** MATERIALS PROVIDED **
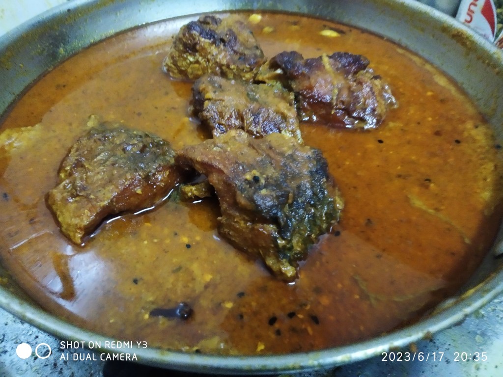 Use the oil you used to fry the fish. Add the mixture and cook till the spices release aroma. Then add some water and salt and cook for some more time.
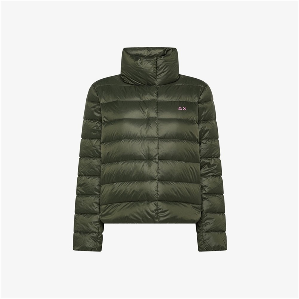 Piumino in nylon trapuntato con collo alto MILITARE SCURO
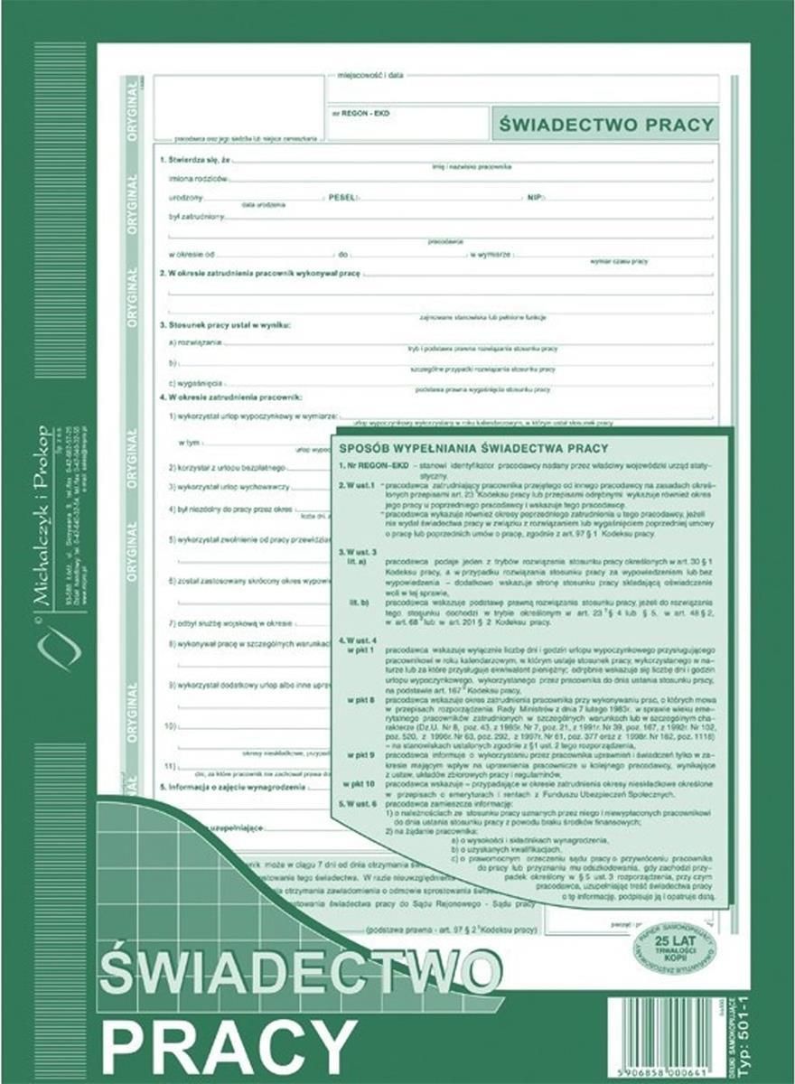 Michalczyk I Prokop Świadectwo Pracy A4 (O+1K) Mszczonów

* * *

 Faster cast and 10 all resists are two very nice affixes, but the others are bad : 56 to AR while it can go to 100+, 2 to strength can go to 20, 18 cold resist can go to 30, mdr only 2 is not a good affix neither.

** WORK INSTRUCTION **
The copy should hold exactly the lines above from the one with "Use the oil" through the one with "Michalczyk I Prokop", both ends counted, and no pictures at all.

** ANSWER FOR THE TASK **
 Use the oil you used to fry the fish. Add the mixture and cook till the spices release aroma. Then add some water and salt and cook for some more time.
 Piumino in nylon trapuntato con collo alto MILITARE SCURO
 Michalczyk I Prokop Świadectwo Pracy A4 (O+1K) Mszczonów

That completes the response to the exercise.